Peter von Matt schreibt über diese Passage: „Dauerhaft wäre dieses endgültige Haus ohne Zweifel, aber da es seine Existenz nur in der Vorstellung behält, in tief beruhigten Bildern, gehört es auch zum Flüchtigen. Gerade deshalb, weil damit der Ort jederzeit verschiebbar ist, einschließlich der Bäume, die Perspektiven der Landschaft und nicht zuletzt die Besucher, scheinen dem Spiel verfallen zu sein. Im Imaginären erlebt Frisch endlich das geglückte irdische Zuhause.“ Auf Seite 155 verdichtet sich dieser Zustand in eine Art locus amoenus, den Frisch nicht ohne seinen typischen Widerwillen beschreiben will:

Zur Zeit streiche ich grad die fünf hölzernen Säulen der Veranda, VICTORIAN STYLE, glaube ich. Man kann nicht sagen, die Säulen seien morsch. Etwas verwittert sind sie. Wie alle Fensterläden auch. Wer wird all die Fensterläden streichen? Wenn ich auf einem Stuhl ste­he, erreicht der Pinsel gerade noch das Kapitäl und den Querbalken, wenn ich mich auf die Fussspitzen stelle. Ein Mal bin ich bereits von dem wackligen Sessel gefal­len. Zum Glück hat es niemand gesehen, niemand ge­hört. Lebensabend auf dem Land... Vielleicht ist der See, der im Osten, morgens, als schmaler Streifen blinkt, gar kein See. Ich bin noch nie dahin gegangen. Vielleicht ist es ein Sund! - und der Himmel, den ich von der Veranda aus sehe, ist Himmel über Meer...

... Fortsetzung Seite 164

Ich streiche noch immer die hölzernen Säulen in der Veranda.
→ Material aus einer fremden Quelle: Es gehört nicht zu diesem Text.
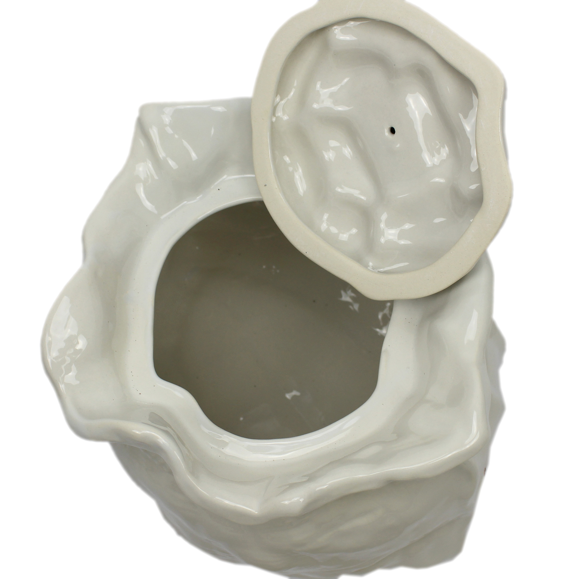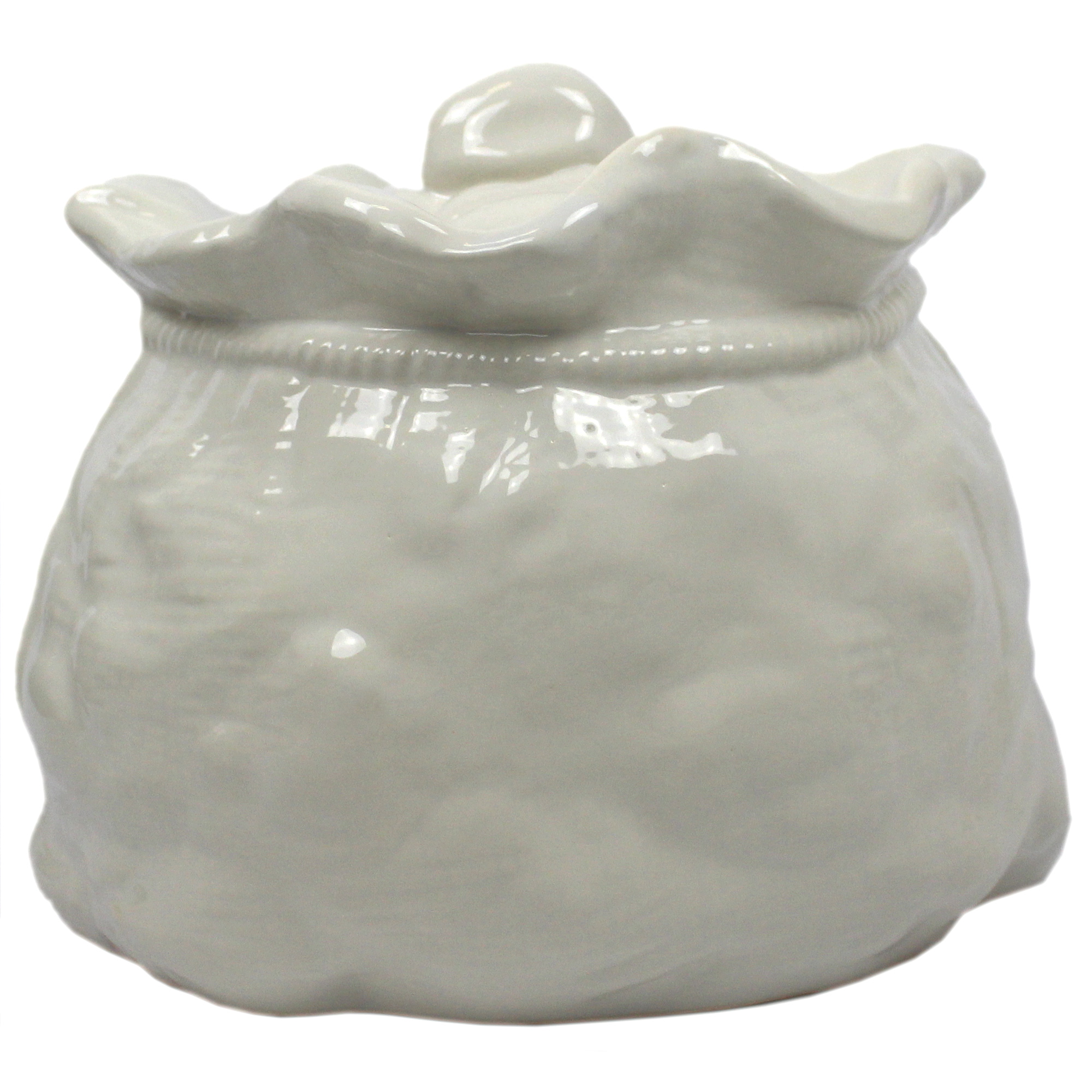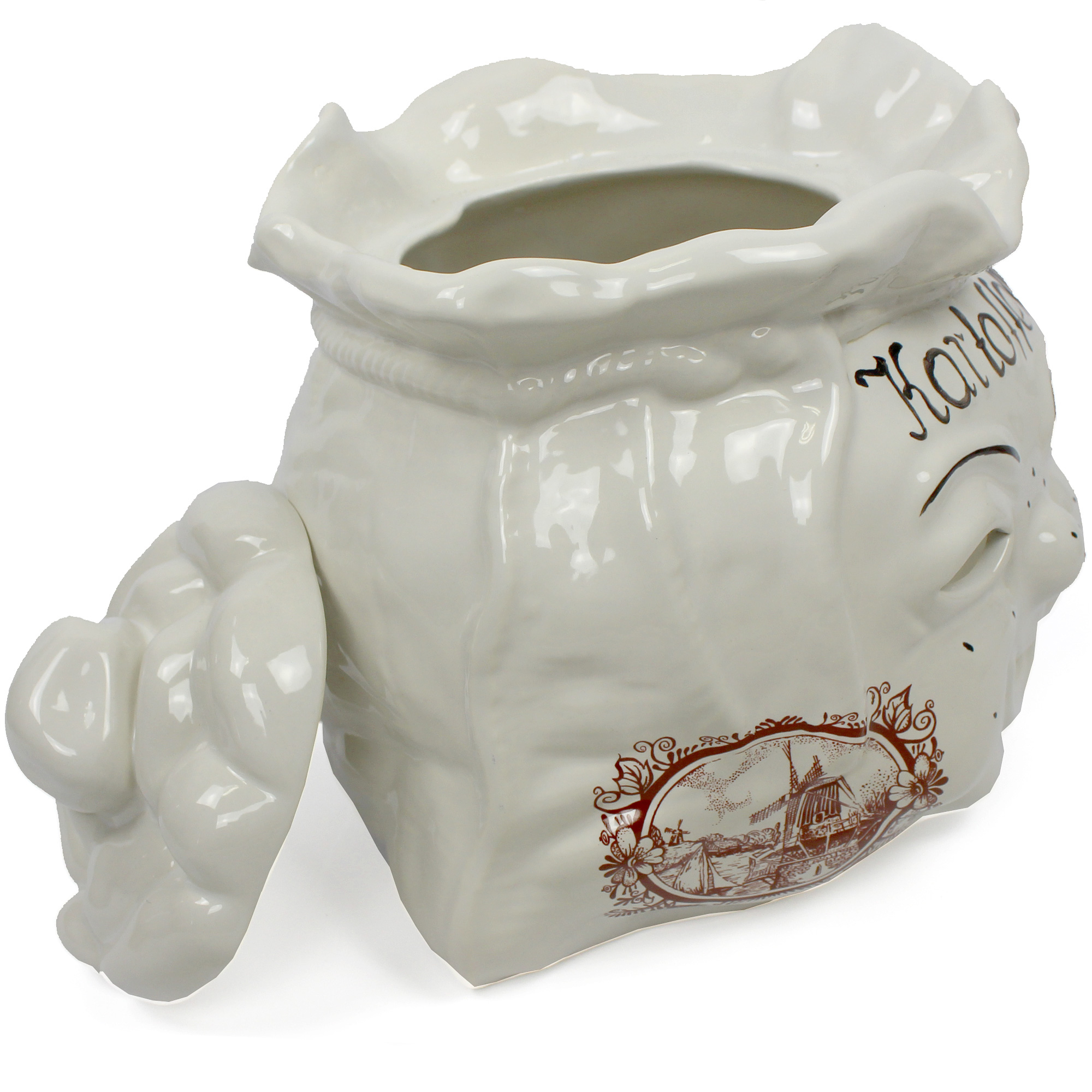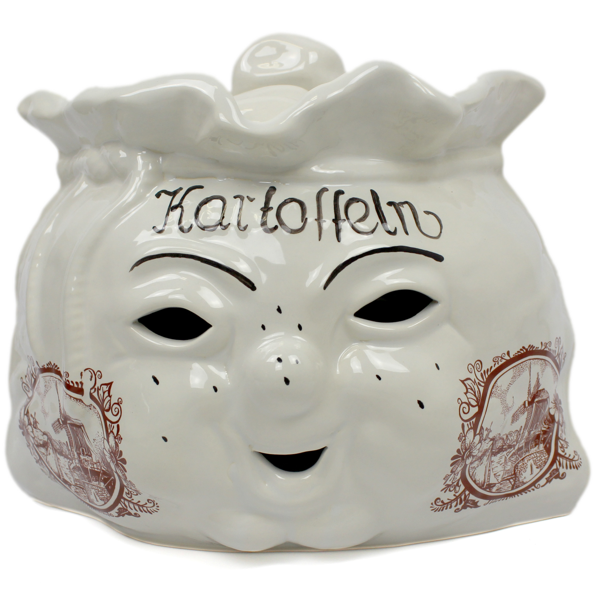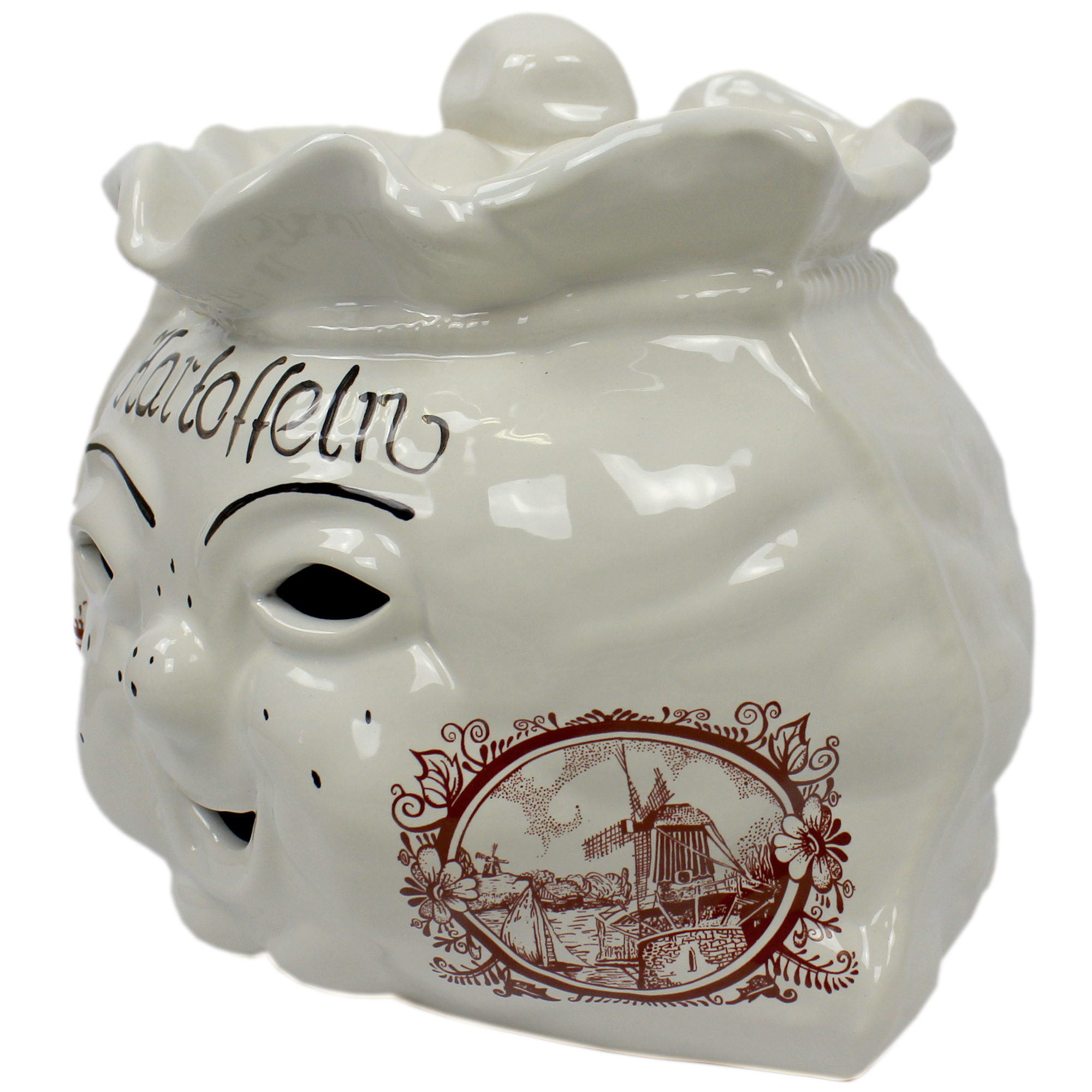 Der aus Keramik als Sack geformte Topf ist im schönen ländlichen Stil gehalten. Er ist ein stimmungsvolles und dekorierendes Element jeder Landküche. Ecrue und braune hochglanz lasierte Keramik wird hier mit Windmühle in Braun verziert. Das Motiv auf dem Topf kann sich etwas von unserem Foto unterscheiden. Der per Hand gemalte Schriftzug "Kartoffeln" gibt gleich den Inhalt bekannt und die Löcher im Topf lassen die Kartoffeln atmen und dadurch sie gut aufbewahren.

Jemand schaut mir zu; ich fühle, dass jemand im grünen Schaukelsessel sitzt und zuschaut. Ein schweigsa­mer Gast. Als ich von meiner Malerarbeit aufschaue, ist der Schaukelsessel leer - Es spielt aber jemand auf dem Piano. Ich bin nie einsam. Ich streiche weiter –

 

 

 

Max Frisch. Entwürfe zu einem dritten Tagebuch

Herausgegeben von Peter von Matt

 

Suhrkamp Verlag Berlin, 1. Auflage (April 2010)

212 Seiten, gebundene Ausgabe

Größe:  18,8 x 11,8 x 2,2 cm

Gewicht: 255g

ISBN 978-

3518421307 

 

 

 

184 Seiten, von Frisch auf Tonband diktiert, von seiner Sekretärin in die Maschine getippt. Der Autor selbst hatte auf der Titelseite notiert: »Tagebuch 3. Ab Frühjahr 1982«. Max Frisch lebte zu dieser Zeit in New York, zusammen mit seiner damaligen Lebensgefährtin Alice Locke-Carey, bekannt als »Lynn« aus der Erzählung Montauk. Ihr ist das Tagebuch 3 gewidmet, und vermutlich fällt das abrupte Ende der Aufzeichnungen Mitte der achtziger Jahre mit der Trennung von der Amerikanerin zusammen. Das Tagebuch 3 Augenblicksnotizen neben längeren reflexiven Passagen – und hebt das scheinbar flüchtig hingeworfene Notat in den Rang des Literarischen.